ECLI:NL:RBBRE:2008:BC3097
Rechtbank Breda
- Eerste aanleg - enkelvoudig
- J.J. Minnaar
- Rechtspraak.nl
Ontvankelijkheid van verzet tegen dwangbevel en beoordeling van de initiële beschikking
In deze zaak heeft de Rechtbank Breda op 28 januari 2008 uitspraak gedaan over de ontvankelijkheid van een verzet dat was ingesteld tegen een dwangbevel uitgevaardigd door de officier van justitie te Leeuwarden. Betrokkene had eerder, op 15 mei 2007, een verzetschrift ingediend, maar ontving hierop geen reactie. Vervolgens diende hij op 5 juli 2007 opnieuw een verzetschrift in. De kantonrechter oordeelde dat het verzet tijdig was ingediend en dat betrokkene voldoende aannemelijk had gemaakt dat hij in redelijkheid kon aannemen dat de initiële beschikking op een vergissing berustte. Dit was gebaseerd op informatie die hij had ontvangen van de politie, waarin werd aangegeven dat de overtreding niet met zijn kenteken was gepleegd.

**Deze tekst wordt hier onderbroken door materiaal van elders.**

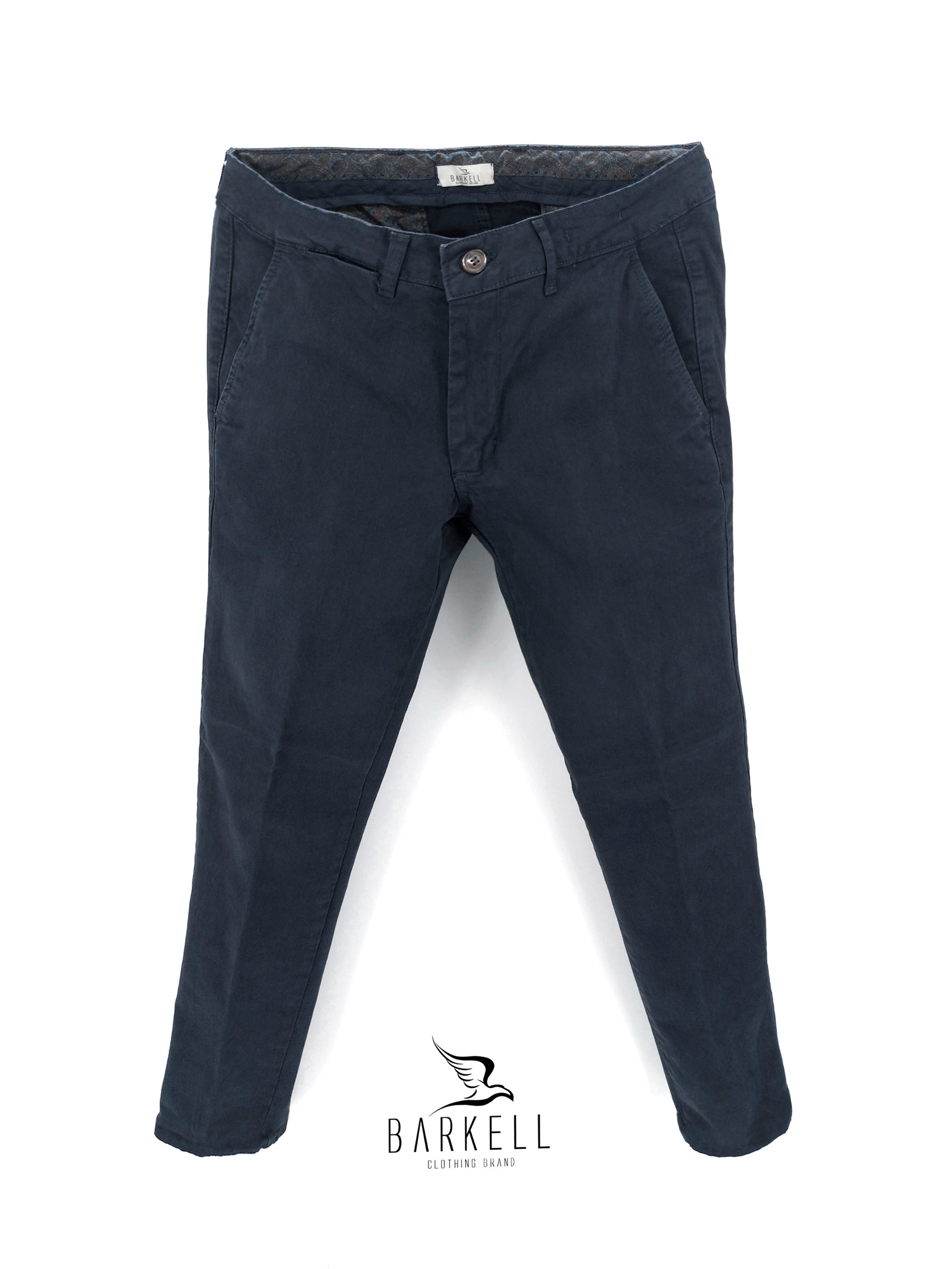Pantalone di Alta Qualità Modello Chinos con Tasca America e Chiusura a Zip color Blu realizzato in 98% Puro Cotone Gabardina e 2% Elastan.

De kantonrechter verwierp het primaire verweer van de officier van justitie, die had gesteld dat het verzet niet-ontvankelijk was omdat het niet tijdig was ingediend. De rechter oordeelde dat de officier van justitie onvoldoende had onderzocht of de sanctie terecht was opgelegd, en dat het in strijd was met de beginselen van behoorlijk bestuur om het verzet niet te honoreren. De rechter concludeerde dat het verzetschrift gegrond was en dat het moest worden beschouwd als een inhoudelijk beroep tegen de initiële beschikking.
De uitspraak leidde tot de vernietiging van het dwangbevel en de terugbetaling van het griffierecht aan betrokkene. De zaak werd vervolgens doorverwezen naar de officier van justitie voor verdere behandeling van het beroepschrift van betrokkene. De beslissing werd genomen in een openbare zitting, waarbij de kantonrechter werd bijgestaan door de griffier.